June 21, 2021

From the sacred triangle to the Pythagorean theorem | Science

From the sacred triangle to the Pythagorean theorem | Science

Long before Pythagoras (or one of his disciples) demonstrated his famous theorem, the Babylonians, the Indians and the Egyptians knew-and used effectively-the properties of the triangle of sides 3, 4 and 5, which was considered sacred. The most remarkable thing about this triangle is that the angle opposite the greater side is straight, and it is not necessary to point out the importance of the right angle in all types of measurements and constructions. In ancient Egypt, the triangle of proportions 3-4-5 most used in architecture and surveying was the one with equal sides at 15, 20 and 25 cubits respectively (about 7.5, 10 and 12.5 meters), called "isiac triangle" in honor to the goddess Isis, which was already used in the construction of the pyramid of Khafre, in the XXVI century a. C. But were the Pythagoreans who, two thousand years later, demonstrated the theorem and gave it its well-known canonical expression:

From the sacred triangle to the theorem of Pythagoras

"In every right triangle, the sum of the squares of the legs is equal to the square of the hypotenuse."

The right angle is a fundamental element of our physical environment, to the point that the great architect Le Corbusier called it "our pact of solidarity with nature" and dedicated an extensive -and intense- poem to him; Here is a fragment:

Erect on the terrestrial plane / of understandable things, / contrasted with nature a pact / solidarity: it is the right angle. / Standing upright before the sea, / there you are on your legs

From the moment they stood on their hind legs, the first hominids had to become fully aware of the horizontal-vertical binomial, or what is the same, of the perpendicularity.

It is probable that the first demonstrations of the Pythagorean theorem were geometric, since the Pythagoreans saw it as a relation of the squares built on the three sides of the right triangle rather than as an algebraic equation. One of the most elegant demonstrations is the one that illustrates the figure (which is also represented in some very ancient Chinese documents).

From the sacred triangle to the theorem of Pythagoras

The square on the center and the one on the right are the same.
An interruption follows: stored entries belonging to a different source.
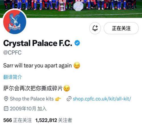 雷速体育10月31日宣 在联赛杯3-0击败利物浦后,水晶宫俱乐部官方社媒修改简介,再次调侃了对手。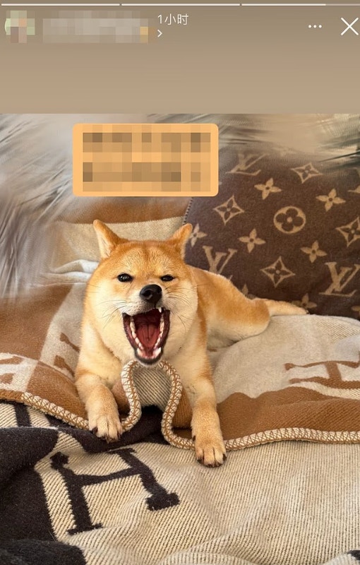 楊蘭蘭的柴犬使用Celine頸圈、LV枕頭與愛馬仕毛毯。(《每日郵報》)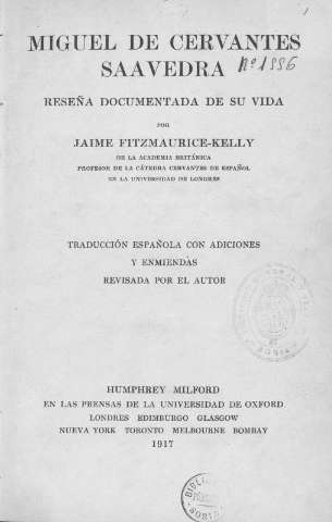 Título: Miguel de Cervantes Saavedra : reseña documentada de su vida / por Jaime Fitzmaurice-Kelly ; traducción española con adiciones y enmiendas revisada por el autor.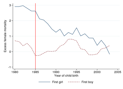 Figure 3. Excess female under-five mortality by firstborn sex, before and after ultrasound access

The one on the right is formed by the square on the side equal to the hypotenuse and four triangles equal to the original; that of the center, by two squares of equal sides, respectively, to both legs and four triangles equal to the original; therefore, the area of ​​the largest square is equal to the sum of the areas of the two smaller ones, or what is the same, atwo + btwo = ctwo.

The proof that we frequently find in current geometry books (attributed to Pythagoras himself) is based on the similarity of triangles.

From the sacred triangle to the theorem of Pythagoras

The triangles ABC and ACH are similar because both are rectangles and have in common the angle A, and therefore their sides are proportional, then b '/ b = b / c, where btwo = cb '. They are also similar ABC and BCH, because they have in common the angle B, then a '/ a = a / c, from where atwo = ca '. Adding both equalities: atwo + btwo = ca '+ cb' = c (a '+ b') = ctwo.

From Pythagoras to Fermat

The Pythagorean formula totwo + btwo = ctwo invites us to ask ourselves what happens if we generalize it to other exponents and turn it into an + bn = cn, where n is a whole number. Well, in 1637 Pierre de Fermat he concluded that for n greater than 2 there are not three natural numbers (integers and positives) a, b, c such that this equality is met. Fermat wrote in the margin of a book that he had found an "admirable" proof of this theorem; but such a demonstration was never found, and experts assume that Fermat was wrong … or wanted to play a joke on the mathematical community. In fact, the theorem remained in a state of conjecture for three and a half centuries, until, after numerous attempts, it was demonstrated by Andrew Wiles in 1995.

"I have found a really admirable demonstration, but it does not fit in the meager margin of this book," Fermat wrote. In this, too, time proved him right: Wiles' demonstration would be difficult to fit into the margins of a book, since it occupies about 100 pages.

Master forms is a section by Carlo Frabetti dedicated to explaining the main formulas of mathematics and physics, their origin, evolution and precise meaning.

Carlo Frabetti He is a writer and mathematician, a member of the New York Academy of Sciences. He has published more than 50 scientific dissemination works for adults, children and young people, among them Damn physics, Damn mathematics or The big game. He was a screenwriter The Cristal ball.